We are at the beginning of a new era of computing, one that will bring powerful new computers and will eventually enable more processing at or near the source of our data.
In short, quantum computers can solve problems that are computationally too difficult for a classical computer, which can only process information in 1s or 0s. In the quantum universe, those 1 and 0 bytes can exist in two states (qubits) at once, allowing computations to be performed in parallel. Therefore, if you build two qubits, they are able to hold four values at the same time: 00, 01, 10, 11. Quantum computers require special algorithms capable of doing new things, making them more powerful than anything built to date. Scientists have been researching quantum computing for decades. The challenge, however, has been proving that a quantum machine is actually carrying out quantum computations. That’s because in a quantum system, the very act of observing information in transit changes the nature of that data.
Edge computing performs computations near or at the source of data. This differs from the current norm, as today much of our computing takes place in the cloud, with distributed data centers handling the processing work. The challenge for our existing cloud-based computing environments is the potential for delay, which is also known as latency. In the near-future, more of the computational work could be done locally—for example, a car’s computer vision system would process and recognize images immediately rather than sending that information to the cloud for verification. Edge computing requires custom chips and hardware and will work alongside the cloud rather than replace its functionality.
Recent advancements have spurred interest in quantum and edge computing. In 2019, Google published a paper in the journal Nature saying that it had reached a new benchmark for speed on a new kind of processor. Verizon and Amazon Web Services announced a new 5G edge cloud computing partnership in December 2019 to give developers tools to launch IoT devices and applications at the edge.

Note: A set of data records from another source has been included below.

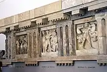 The ten metopai of the facade were sculpted in high relief and framed at the top and bottom by blank slabs which made the relief of the sculpture stand out. The metopes were separated by triglyphs which jut out a long way from the vertical plane of the metopes. Three metopes survive in full: a frontal view of a quadriga being driven vigorously by Helios, Perseus decapitating Medusa while Athena looks on, Heracles carrying the captured Cercopes on his shoulders. In the centre of the tympanum there was the mask of a Gorgon in terracotta.[8]
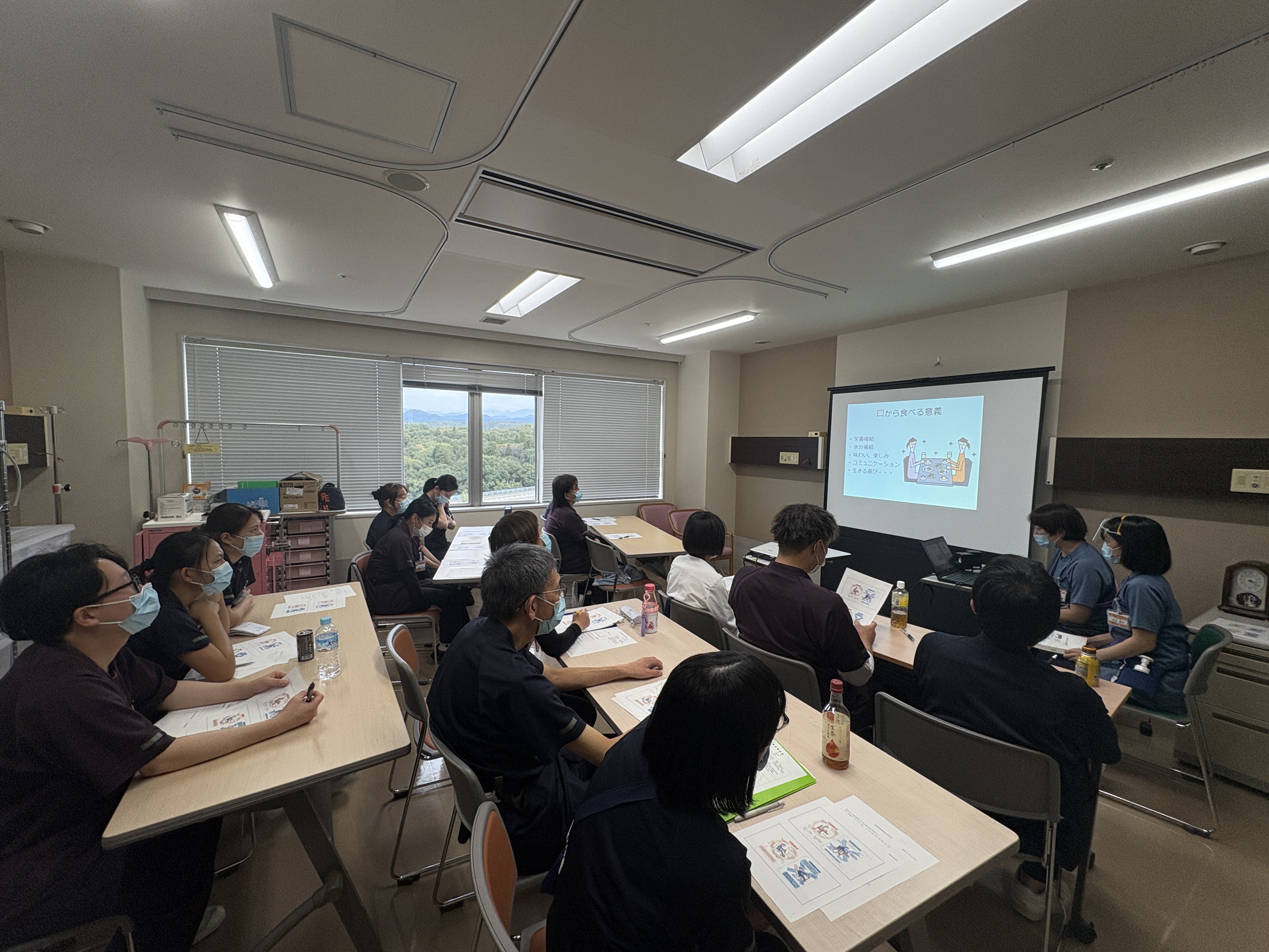 午前中は、病院の概要・機能と組織の理解や医療安全の基礎知識について、座学やグループワークで学びました。
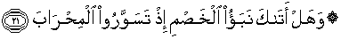 21. Dan adakah sampai kepadamu berita orang-orang yang berperkara ketika mereka memanjat pagar?

Amazon, Amazon Web Services, Alibaba, AT&T, Baidu, Ben-Gurion University of the Negev’s Center for Quantum Science & Technology Bleximo, California Institute of Technology’s Institute for Quantum Information and Matter (IQIM), Chapman University’s Institute for Quantum Studies, Cisco, Crown Castle, D-Wave Systems, Dartmouth University’s Quantum and Condensed Matter Physics Group, Duke University, Georgia Tech Research Institute’s Quantum Systems Group, Google, Harvard University’s Quantum Initiative, Hebrew University of Jerusalem’s Quantum Information Science Center, IBM, Intel, Keio University Quantum Computing Center, Massachusetts Institute of Technology’s Engineering Quantum Systems Group, Michigan State University’s Laboratory for Hybrid Quantum Systems, Microsoft, MIT Center for Quantum Engineering (MIT-CQE), MIT Lincoln Laboratory’s Quantum Information and Integrated Nanosystems, Rigetti Computing, Stanford University’s Yamamoto Group, University of California-Berkeley’s Quantum Information & Computation Center, University of British Columbia’s Advanced Materials and Process Engineering Laboratory, University of California-Los Angeles’s Center for Quantum Science & Engineering, University of California-Santa Barbara’s Center for Spintronics and Quantum Computation, University of Chicago’s Chicago Quantum Exchange, University of Maryland’s Center for Accelerated Real Time Analytics and UMD’s Joint Center for Quantum Information and Computer Science, University of Science and Technology of China’s Division of Quantum Physics and Quantum Information, University of Washington’s Trapped Ion Quantum Computing Group, Verizon, Zapata Computing.